Michael Frayn's latest play Democracy has announced new dates at the National Theatre for 2004. The world premiere production - directed by Michael Blakemore is a sell-out at the NT Cottesloe, the theatre's smallest auditorium, where it has been playing in rep since 9 September 2003 (previews from 30 August).

It will continue at the Cottesloe until 30 December 2003 and then will return for a straight run at the larger NT Lyttelton, where tickets are now available for dates from 8 to 27 March 2004 with additional February performances to be announced shortly. Olivier Award winners Roger Allam (Summerfolk, Privates on Parade) and Conleth Hill (Stones in His Pockets) will continue in their roles as, respectively, West German chancellor Willy Brandt and his personal assistant Gunter Guillaume.

Another Frayn play that, like his multi award-winning Copenhagen, melds 20th-century European historical fact with fiction, Democracy is set in 1969 in West Germany where Brandt begins his brief but remarkable career as the first left-of-centre Chancellor for nearly 40 years.
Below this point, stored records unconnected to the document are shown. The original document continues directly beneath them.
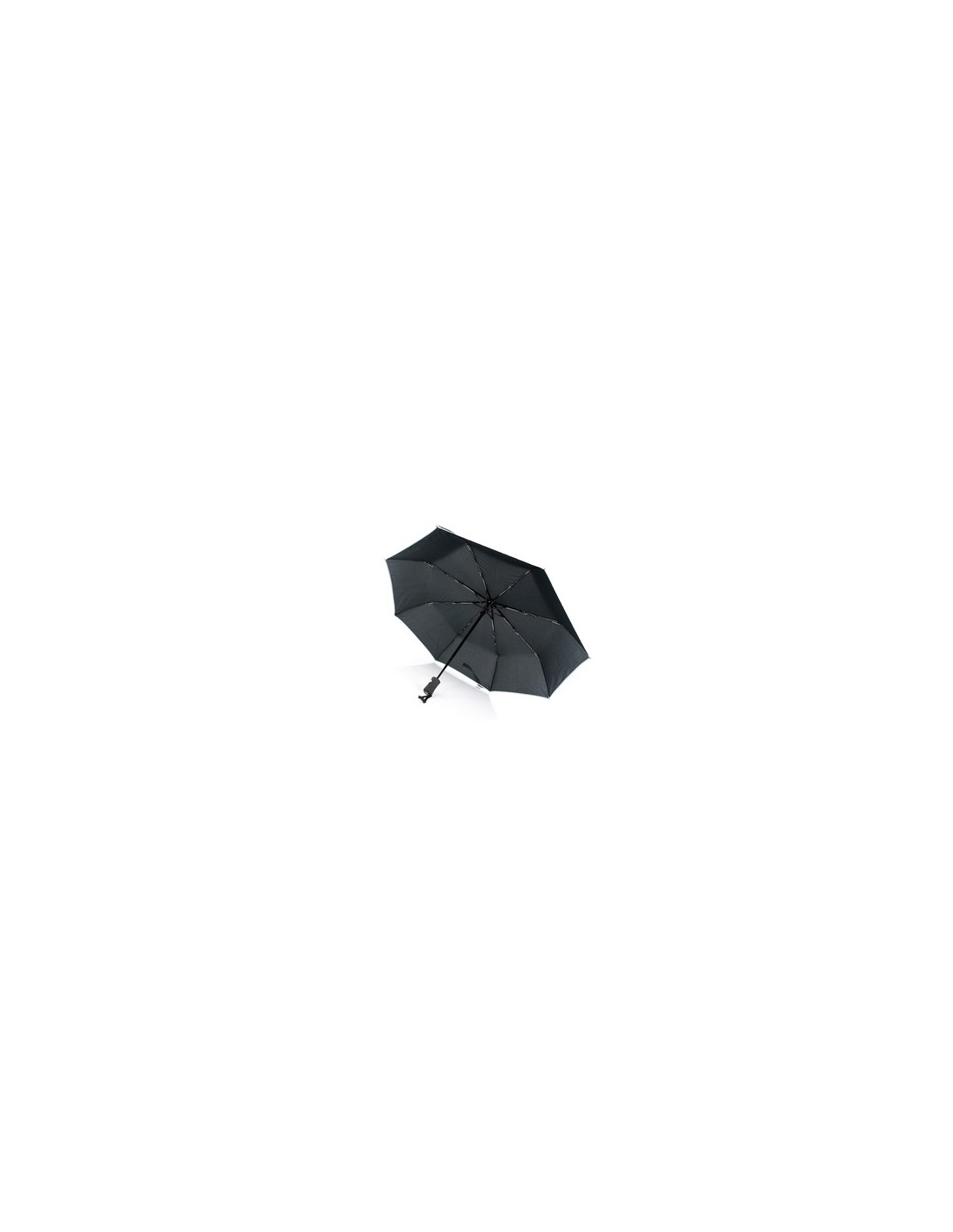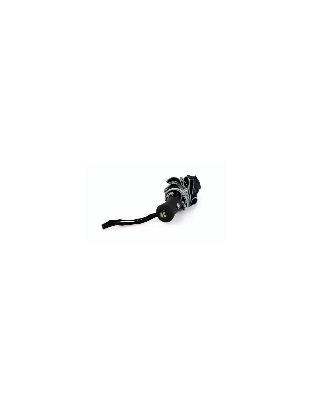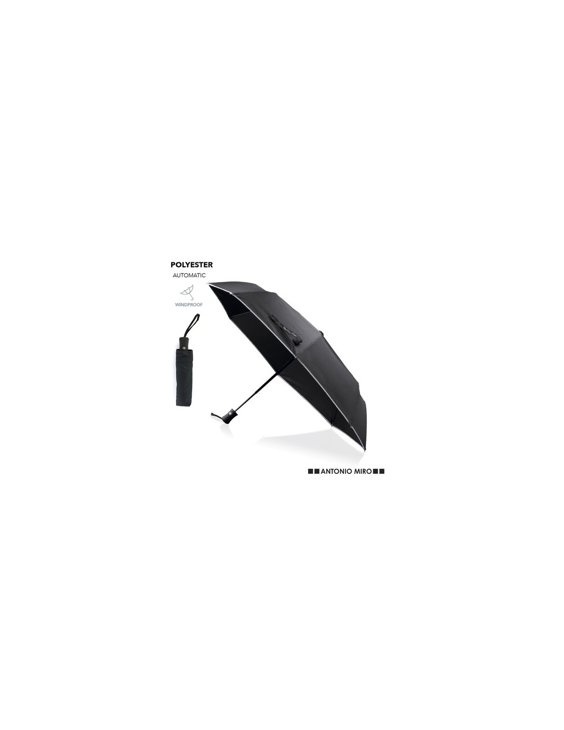 Paraguas plegable de Antonio Miró, de 8 paneles y elegante diseño en color negro con ribetes en color blanco. De 95cm de diámetro, con mecanismo automático de apertura y cierre, sistema antiviento y en resistente material pongee. Con varillas metálicas en color negro, cierre de velcro y mango ergonómico con cinta de transporte. Presentado en funda individual a juego con logotipo de la marca. 21". Apertura y Cierre Automáticos. Sistema Antiviento. Funda Poliéster Composition : Pongee 190T. Varillas Fibra de Vidrio.
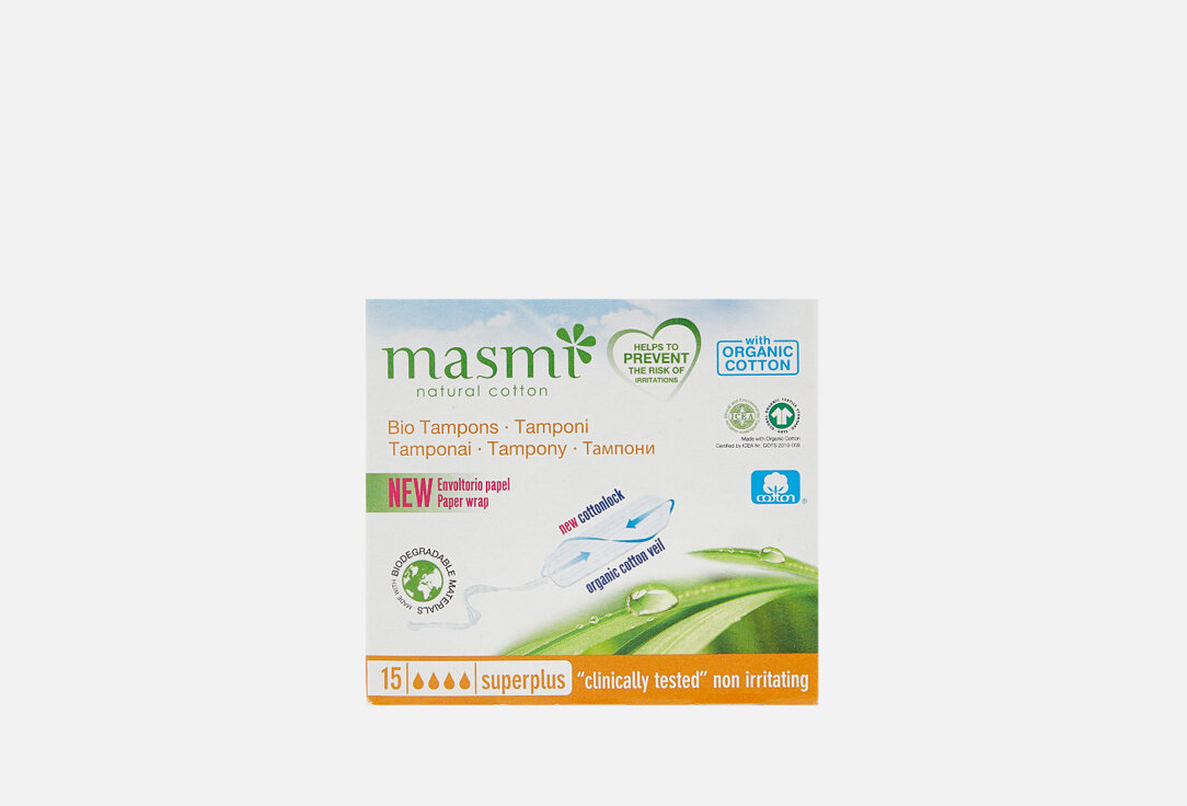 10 цен на Тампоны Masmi Natural Cotton Super Plus из органического хлопка 15шт
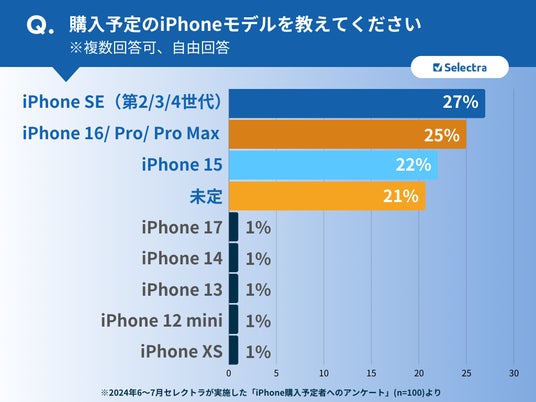 購入予定機種はiPhone SEシリーズが約27%で最多、新型iPhone 16シリーズ購入予定者は約25%
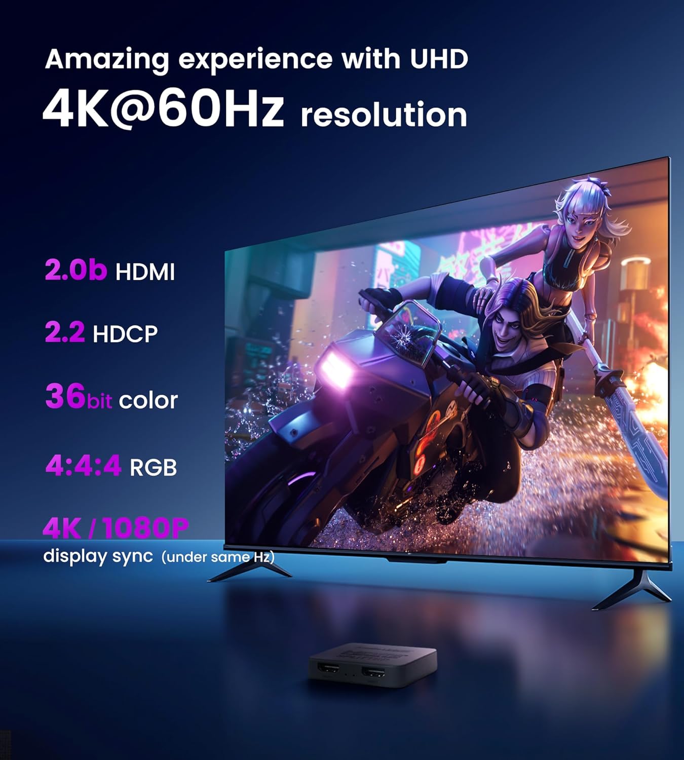 - Compatibility and Application: 2 Way HDMI splitter can connect various HDMI devices like TV, projector, monitor,STB, DVD,PC,PS3/4/5…; Solutions for home entertainment, presentation, event, education, and digital signage, enhancing viewing and engagement

Always present but rarely noticed is Guillaume, who's a devoted PA to Brandt as well as a devoted spy for the East German Stasi secret police.

Allam and Hill are joined in the cast by Steven Pacey, Jonathan Coy, Paul Gregory, Paul Broughton, David Ryall, Glyn Grain, Nicholas Blane and Christopher Ettridge. The production is designed by Peter J Davison, with costumes by Sue Wilmington, lighting by Mark Henderson and sound by Neil Alexander.


Though exact dates for all have yet to be fixed, the National has also re-confirmed details about several other new productions scheduled for 2004 (See News, 23 Jan 2003).

Playwright David Hare will return to the National for the first time since 1997's Amy View with his new play about the transport chaos brought about by privatisation - and gross mismanagement - of the British railway network (See The Goss, 7 Jul 2003). Co-produced by the National and Out of Joint, whose artistic director Max Stafford-Clark will direct - The Permanent Way will run in repertory at the NT Cottesloe, from January to May 2003, as part of a UK-wide tour.

Also expected in the NT Cottesloe are: Marivaux's The False Servant, newly translated by Martin Crimp and directed by the Almeida's former joint artistic director Jonathann Kent; Nikolai Erdman's lost comedy The Mandate, adapted and directed by Declan Donnellan and designed by his long-time Cheek by Jowl partner Nick Ormerod; and a stage adaptation of 1970s MGM cult classic Theatre of Blood, devised by and co-produced with Improbable Theatre, whose founders Phelim McDermott and Julian Crouch who also collaborated on the multi award-winning "junk opera" Shockheaded Peter.

In the NT Olivier, Hytner's own much-anticipated two-part Christmastime staging of Philip Pullman's His Dark Materials will be followed in April of next year by Rostand's class comedy Cyrano de Bergerac, freely adapted by Irish poet Derek Mahon, with Irishman Stephen Rea in the title role, directed by Howard Davies.